L’Instance de la corruption se doit d’étudier la situation de la corruption au Maroc, recevoir et traiter les informations relatives aux faits liés à la corruption et en saisir, s’il y a lieu, la justice. Elle est appelée à entretenir une base de données sur le phénomène de la corruption, développer la coordination et la consultation entre les administrations concernées, définir les stratégies de communication et mettre en œuvre des campagnes de sensibilisation de l’opinion publique. L’instance se doit également d’élaborer et de publier un rapport annuel sur l’état de la corruption au Maroc ; lequel doit comporter des recommandations pour le gouvernement.
On ne peut pas préserver une dynamique du marché, si on ne met pas un frein aux abus du pouvoir économique de l’Etat et s’il n’y a pas un minimum de transparence dans le fonctionnement des marchés.
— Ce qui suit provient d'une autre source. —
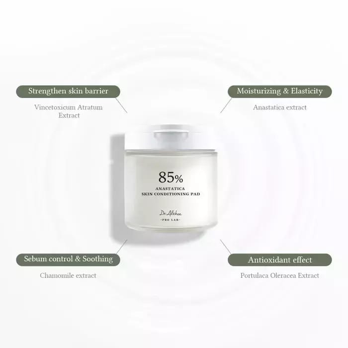 Το Dr. Althea Anastatica Skin Conditioning Pads ξεχωρίζει λόγω της υψηλής συγκέντρωσης εκχύλισματος Jericho Rose (85%) ένα φυτικό συστατικό που επιβιώνει σε ακραίες συνθήκες ξηρασίας στη φύση και προσφέρει ενυδάτωση και προστασία. Η διπλή όψη (exfoliating + smooth) αυξάνει την αποτελεσματικότητα χωρίς να ερεθίζει την επιδερμίδα.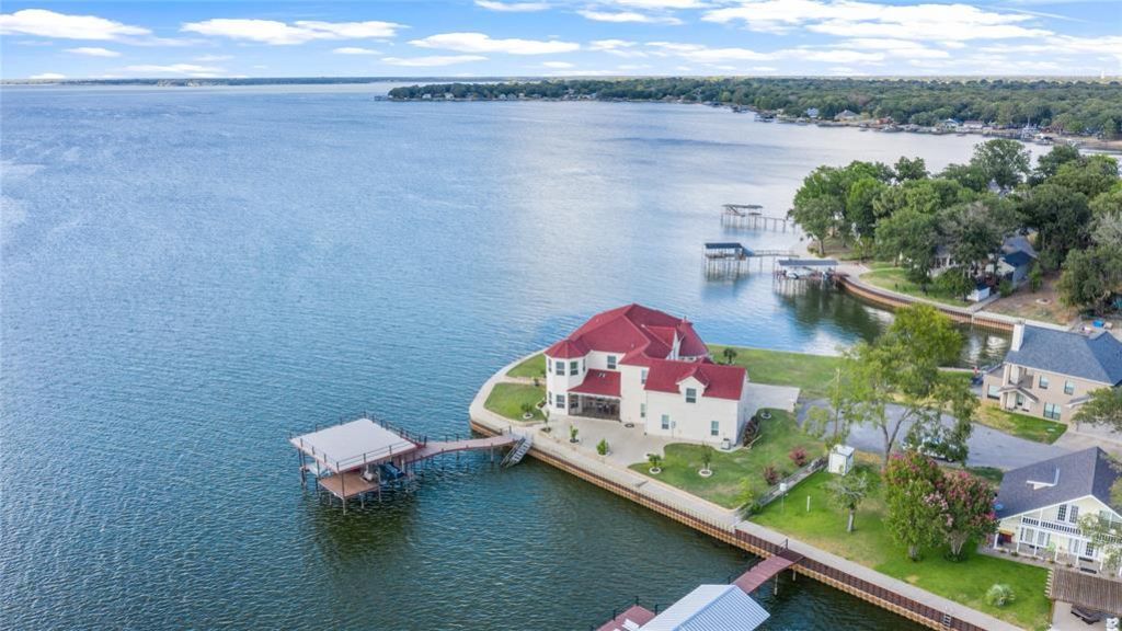 Imagine owning a breathtaking waterfront property on an open water peninsula with 363 feet of shoreline— This incredible 4-bedroom home (plus office, which could also serve as a formal dining room or 5th bedroom) offers a lifestyle of luxury and relaxation, directly on the water at Cedar Creek Lake. Designed to take full advantage of the expansive views, the home features almost every room with stunning water vistas. You'll love the spacious, open floor plan with real wood floors, soaring 12-foot ceilings, and large windows that invite natural light and panoramic views throughout. The kitchen includes a large island with seating, granite countertops, and a wine refrigerator, perfect for entertaining or enjoying family meals. The main floor water side master suite offers a serene retreat with a gorgeous bathroom featuring double vanities, a separate tub, a walk-in shower with multiple heads, and a custom walk-in closet. Additional highlights include a bonus room for a second living area or game room, a media room or bunk room, and an oversized 3-car garage. Step outside to enjoy the screened porch with an outdoor kitchen with sink and oven or relax on the composite decked boathouse, which includes a party deck and covered sitting area, perfect for lakeside entertaining. Onduvilla roof, a waterproof clay tile look roof designed and guaranteed to withstand winds up to 150 miles per hour per the manufacturer. in Gun Barrel City on Cedar Creek Lake, this home is just an hour from downtown Dallas, yet a world away from the hustle and bustle. With all the furniture, boat, and personal watercraft included, this home is truly a turnkey waterfront retreat!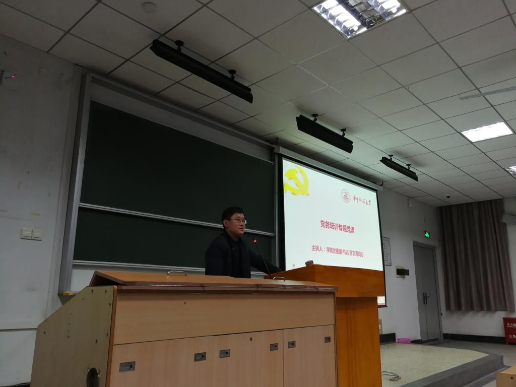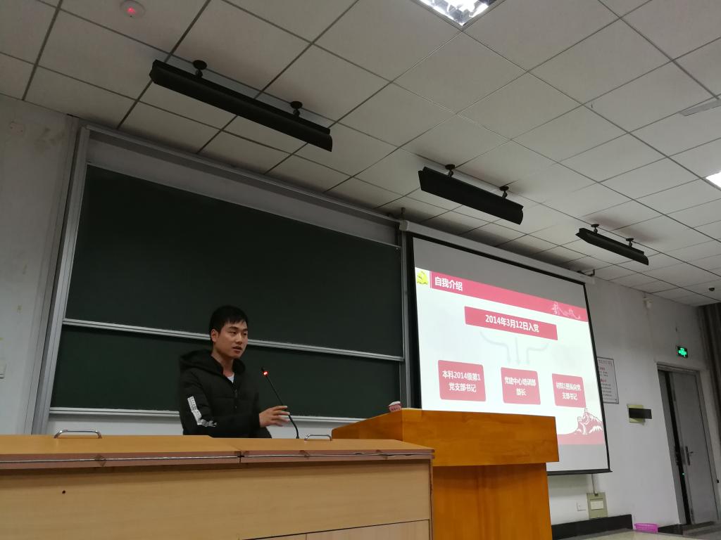 蒋文海分享了在云南临沧农村挂职期间遇到困难及其解决过程,讲述了许多基层党员干部头顶理想脚踏实地带领群众干事创业的故事,激励全体党员要坚定理想信念,增强党性修养,积极担负起新时代责任和历史使命,做新时代的奋斗者。他希望学生党员要牢固树立“四个意识”,自觉和党中央保持一致,特别是在重大问题上要立场坚定,敢于发声;在理论学习和支部工作中,要做真功求实效;要发挥党员先锋模范作用,要在学风建设、科技创新、文体活动等方面起到表率作用,团结带领广大同学共同进步。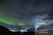 Cahaya Utara atau juga disebut Aurora Borealis menerangi langit malam di atas sumber air panas Gunnuhver dekat kota Grindavik, Islandia, Minggu (19/11/2023). Cahaya itu terjadi karena adanya koalisi antara partikel bermuatan listrik yang terpantul dari matahari dan partikel gas bumi di atmosfer bumi. ANTARA FOTO/REUTERS/Marko Djurica/Spt.

Dans d’autres pays, ces instances sont indépendantes et veillent sur la fluidité du marché et la loyauté des transactions.
Etes-vous pour l’autonomie de ces instances?
Dans tous les pays du monde, ces instances ne relèvent pas de leurs gouvernements. Elles sont autonomes et dotées de beaucoup de moyens d’investigation et du pouvoir de sanction. Elles sont soit dotées de pouvoir de répression directe, constatent les fraudes et sanctionnent, soit elles ont le pouvoir de saisir le tribunal ce qui n’est pas le cas chez nous. Les prérogatives de ces instances sont très limitées.
Quelles sont les compétences du Conseil de la concurrence?
Il est paritaire et se constitue de six représentants de l’administration et six personnalités nommées par le Premier ministre. La durée du mandat du président n’est pas fixée par la loi, celle des membres est par contre limitée à 5 ans renouvelable une fois. Il est précisé que le président exerce ses fonctions à plein temps. Le Conseil de la concurrence est sollicité pour ses avis par les commissions permanentes du Parlement, le gouvernement et les collectivités locales. Cette instance pourrait être saisie par les juridictions compétentes lorsqu’elles doivent se prononcer sur des pratiques anti-concurrentielles.
Quelles sont les situations où le gouvernement est appelé à demander l’avis du Conseil de la concurrence ?
Elles sont au nombre de quatre: lorsque le gouvernement compte apporter des restrictions à l’exercice d’une profession ou à l’accès à un marché, lorsqu’il établit des monopoles ou des droits exclusifs sur le territoire ou une partie du territoire, lorsqu’il veut imposer des pratiques uniformes en matières ou de conditions de vente, et enfin lorsqu’il veut donner des aides de l’Etat, des collectivités locales, ou des entreprises.